The orientation is measured based on the angle between the orientation vector of each particle and the line which connects the centre of them.

I do understand how the Monte Carlo works, but I would like to use Mathematica to find the minimum energy of only 3 particles besides the relevant parameters like orientation angles. From the Monte Carlo I know they form equilateral triangle so it is possible to fix the distance by putting the particles on the vertices of an equilateral triangle. Then the energy will be minimized by changing the orientation angles.

How can I do such constraint minimization in Mathematica?

I thought something like what happen in Monte Carlo simulation, iterative minimization, should work, but I could not put it together correctly.

Could you please let me know how should I handle it correctly?

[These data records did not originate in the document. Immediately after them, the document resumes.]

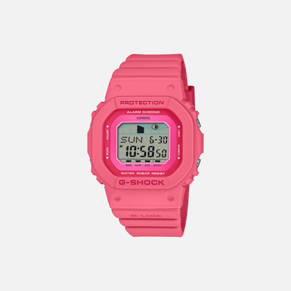 Casio’s G-Shock GLX-S5610-4 brings the brand’s surf-minded G-LIDE series into a slimmer, more compact profile perfect for those who want full functionality without unnecessary bulk. The square case design nods to the original 5600 series, yet here it’s wrapped in a vibrant pink resin that’s hard to miss on land or at sea. Built on the trusted G-Shock foundation, this model is shock resistant, water resistant to 200 meters, and engineered for the unpredictable conditions of surf and sport.
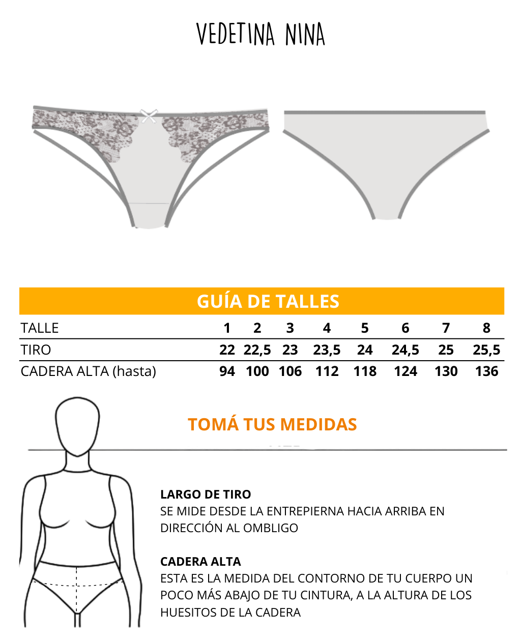 Nina es una bombacha con una moldería clásica (similar a la AURA), con un calce cómodo y favorecedor, pero con detalles que la hacen especial
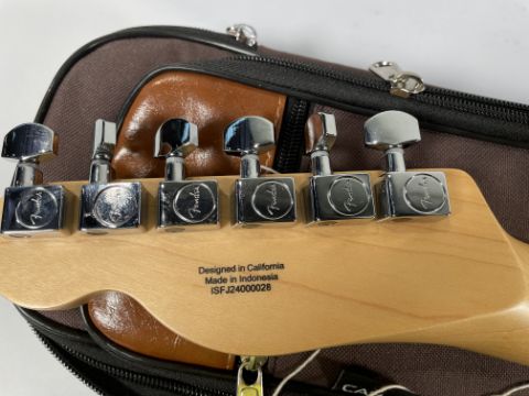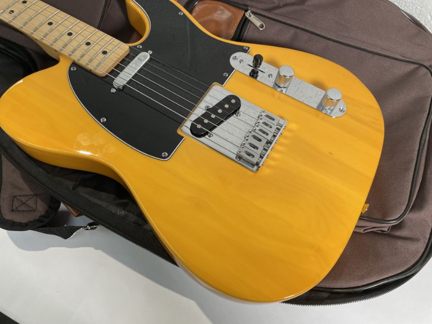 A pre-owned Fender Standard Telecaster, maple fingerboard, black pickguard, butterscotch blonde with gig bag.

Below you can find a minimal version of the problem. The radius of each particle is R=10 which makes the minimum distance, r= 20. The goal is to minimize v12+v13+v23 and finding B1, B2, B3.

Thank you.

    Clear["Global`*"]
(*r12=r13=r23= r ; the distance between the particles. The goal is to minimize v12+v13+v23*)

v12[B1_ , B2_] = 
  10^6 r^-3 E^-r  (-r^2 Cos[B1] Cos[B2] + r Sin[B1] Sin[B2]) ;
v13[B1_, B3_] = 
  10^6 r^-3 E^-r  (-r^2 Cos[B1] Cos[B3] + r Sin[B1] Sin[B3]) ;
v23[B2_, B3_] = 
  10^6 r^-3 E^-r  (-r^2 Cos[B2] Cos[B3] + r Sin[B2] Sin[B3]) ;

R = 10.0;
r = 20.0;
b1 = 0; b2 = 0; b3 = 0; aa0 = 10^4; aa = 0; a1 = 0; a2 = 0; a3 = 0;
{a1, {b1 , b2}} = 
 While[Abs[aa - aa0] > 10^-5, aa0 = aa; 
  NMinimize[
    v12[B1 , 
     B2 ], {{B1, b1 - 0.1, b1 + 0.1}, {B2, b2 - 0.1, b2 + 0.1}}, 
    AccuracyGoal -> 20, PrecisionGoal -> 18, 
    WorkingPrecision -> 10] /. sol : {__Rule} :> Values[sol];
  {a2, {b1 , b3}} = 
   NMinimize[
     v13[B1 , 
      B3], {{B1, b1 - 0.1, b1 + 0.1}, {B3, b3 - 0.1, b3 + 0.1}}, 
     AccuracyGoal -> 20, PrecisionGoal -> 18, 
     WorkingPrecision -> 10] /. sol : {__Rule} :> Values[sol];
  {a3, {b2 , b3}} = 
   NMinimize[
     v23[B2, B3], {{B2, b2 - 0.1, b2 + 0.1}, {B3, b3 - 0.1, 
       b3 + 0.1}}, AccuracyGoal -> 20, PrecisionGoal -> 18, 
     WorkingPrecision -> 10] /. sol : {__Rule} :> Values[sol];
  aa = a1 + a2 + a3;]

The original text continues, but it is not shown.